Government grants represents the amount of grants received for which the criterion to ensure that repayment is not required has not yet been met. Grant monies in respect of which the criteria have been met are included in operating income.

All existing shareholder loans were renegotiated in December 2020 to require repayment in May 2022.

Convertible loan notes

In May 2018, the Company secured further funding from each of its major shareholders totalling £8.8 million. NB Holdings Ltd and Omnicane Investors Ltd each providing £3.4 million and funds managed by Downing LLP provided £1.9 million. This instrument has since, with shareholder approval, been replaced with convertible loan notes of £8.8 million with a conversion price of 5 pence. The loan is repayable in 3 years from the date of issue or can be converted at any time into shares at the holder's option. In December 2020, the shareholders agreed to amend the repayment date of the loans to the 19 May 2022. Also, the Amendment Deed amends the CLNs minimum annual return from 30% per annum to 12% per annum, effective from 31 December 2020

The instrument accrues interest at a rate of 12 percent per annum accruing daily and will mature and be due for repayment in full on 19 May 2022, unless they are redeemed before that date. On that date, unless the convertible loan notes are converted into ordinary shares on the conversion date, a redemption premium fee will be payable. The redemption fee will be an amount which, when added to the interest accrued on the relevant notes, provides a total return equal to the amount which would have accrued in respect of such notes from the date of the convertible loan note instrument until and including the date the notes are redeemed in full had the interest rate been 30 percent per annum.

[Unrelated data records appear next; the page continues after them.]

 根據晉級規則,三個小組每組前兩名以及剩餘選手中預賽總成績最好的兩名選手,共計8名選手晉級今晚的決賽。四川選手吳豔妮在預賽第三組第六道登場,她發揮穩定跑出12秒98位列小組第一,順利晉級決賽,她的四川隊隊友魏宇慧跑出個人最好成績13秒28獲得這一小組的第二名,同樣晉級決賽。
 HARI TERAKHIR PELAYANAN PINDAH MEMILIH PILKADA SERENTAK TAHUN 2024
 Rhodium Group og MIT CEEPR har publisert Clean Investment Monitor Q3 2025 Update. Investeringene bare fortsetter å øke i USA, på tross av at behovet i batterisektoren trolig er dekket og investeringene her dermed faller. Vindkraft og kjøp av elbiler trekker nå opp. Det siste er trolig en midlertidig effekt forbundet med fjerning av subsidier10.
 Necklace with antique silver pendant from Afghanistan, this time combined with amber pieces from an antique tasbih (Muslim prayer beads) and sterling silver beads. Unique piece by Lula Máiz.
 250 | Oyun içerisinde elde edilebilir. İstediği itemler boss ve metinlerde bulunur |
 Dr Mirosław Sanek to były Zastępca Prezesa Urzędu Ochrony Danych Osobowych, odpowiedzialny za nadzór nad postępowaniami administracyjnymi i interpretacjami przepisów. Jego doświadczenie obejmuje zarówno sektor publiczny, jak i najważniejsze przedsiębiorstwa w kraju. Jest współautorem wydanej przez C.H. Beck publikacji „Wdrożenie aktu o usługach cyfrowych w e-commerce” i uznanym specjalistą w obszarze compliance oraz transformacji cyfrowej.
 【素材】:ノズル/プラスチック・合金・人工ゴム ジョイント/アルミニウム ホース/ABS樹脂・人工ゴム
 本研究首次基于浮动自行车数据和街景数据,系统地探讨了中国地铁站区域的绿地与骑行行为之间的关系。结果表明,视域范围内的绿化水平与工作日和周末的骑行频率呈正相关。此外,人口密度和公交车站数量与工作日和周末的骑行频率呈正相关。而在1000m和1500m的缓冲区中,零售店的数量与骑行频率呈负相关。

A host loan at amortised cost and an embedded derivative liability, being measured at fair value with changes in value being recorded in profit or loss, have been recognised. At 31 March 2020, the derivative liability was valued at £nil (2019: £0.3 million)

The convertible loan notes shown consist of a host loan at amortised costs of £8.8 million and £4.3 million accrued interest up to31 March 2020.

10. Borrowings and capital management (continued)

Features of the Group's borrowings are as follows:

The Group's financial instruments comprised cash, leases, a revolving credit facility, investor loans and various items arising directly from its operations, such as trade payables and receivables. The main purpose of these financial instruments is to finance the Group's operations. The government grant is specific to Brighter Foods.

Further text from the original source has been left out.